_Your goal_
Copy the data precisely, character for character, and leave out every picture.

[Data items]
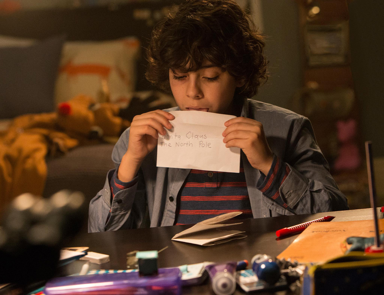 Max, the glue that holds the fraying Engel family together, is portrayed by young movie veteran Emjay Anthony, whose 12-year-old enthusiasm infused the entire period of principal photography. “It was awesome,” exclaims the co-star of “Chef” and “Insurgent” about working on “Krampus.” As he seamlessly slipped in and out of character with each take, Anthony exuded the ease of a child actor with a lot of on-set experience. At the same time, the self-professed trickster took great delight in pranking cast and crew throughout the shoot. He particularly enjoyed when Dougherty colluded with him.
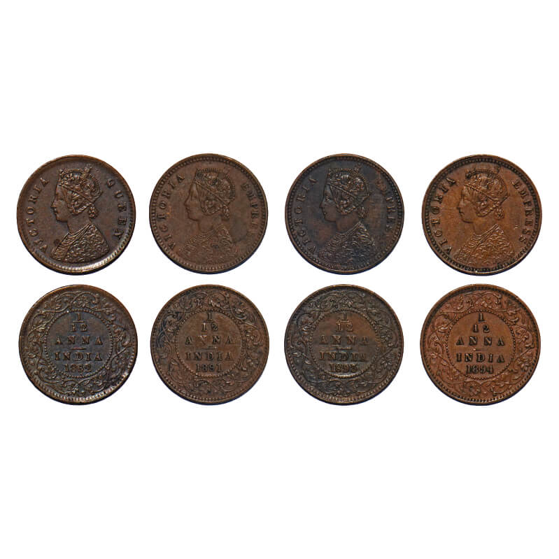Victoria Queen & Empress, Copper, 1/12 Anna, (4 coins), 1) 1862, Calcutta Mint, A/I, 2) 1891, Calcutta Mint, Obv B, No mint mark, 3) 1893, Calcutta Mint, Obv B, No mint mark, 4) 1894, Calcutta Mint, Obv B, No mint mark. F. Prid 780, 796, 798, 799. GK 403, 912, 914, 915. Very Fine+ to Extremely Fine+. Scarce. |
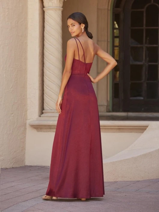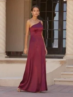 Style 22154 from Christina Wu Celebration is a bold one shoulder bridesmaid gown with narrow double straps and a slim A-line skirt with front slit. An open back with the narrow straps are a highlight.
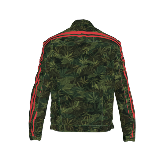 🌿Green Leaf Red MotoStripe™ Men's Jean Jacket
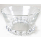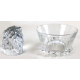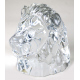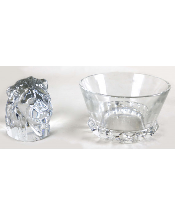 Lotto di due oggetti in cristallo: una testa di leone marcata alla base Baccarat ed un centrotavola a corpo liscio con base a motivo geometrico. Alt. cm13/alt. cm11; Diam. cm20
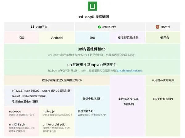 (1) uni-app–开发一次,多端覆盖 uni-app 是DCloud公司使用 Vue.js 开发跨平台应用的前端框架,开发者编写一套代码,可编译到iOS、Android、H5、小程序等多个平台。

_Worked solution_
 Max, the glue that holds the fraying Engel family together, is portrayed by young movie veteran Emjay Anthony, whose 12-year-old enthusiasm infused the entire period of principal photography. “It was awesome,” exclaims the co-star of “Chef” and “Insurgent” about working on “Krampus.” As he seamlessly slipped in and out of character with each take, Anthony exuded the ease of a child actor with a lot of on-set experience. At the same time, the self-professed trickster took great delight in pranking cast and crew throughout the shoot. He particularly enjoyed when Dougherty colluded with him.
Victoria Queen & Empress, Copper, 1/12 Anna, (4 coins), 1) 1862, Calcutta Mint, A/I, 2) 1891, Calcutta Mint, Obv B, No mint mark, 3) 1893, Calcutta Mint, Obv B, No mint mark, 4) 1894, Calcutta Mint, Obv B, No mint mark. F. Prid 780, 796, 798, 799. GK 403, 912, 914, 915. Very Fine+ to Extremely Fine+. Scarce. |
 Style 22154 from Christina Wu Celebration is a bold one shoulder bridesmaid gown with narrow double straps and a slim A-line skirt with front slit. An open back with the narrow straps are a highlight.
 🌿Green Leaf Red MotoStripe™ Men's Jean Jacket
 Lotto di due oggetti in cristallo: una testa di leone marcata alla base Baccarat ed un centrotavola a corpo liscio con base a motivo geometrico. Alt. cm13/alt. cm11; Diam. cm20
 (1) uni-app–开发一次,多端覆盖 uni-app 是DCloud公司使用 Vue.js 开发跨平台应用的前端框架,开发者编写一套代码,可编译到iOS、Android、H5、小程序等多个平台。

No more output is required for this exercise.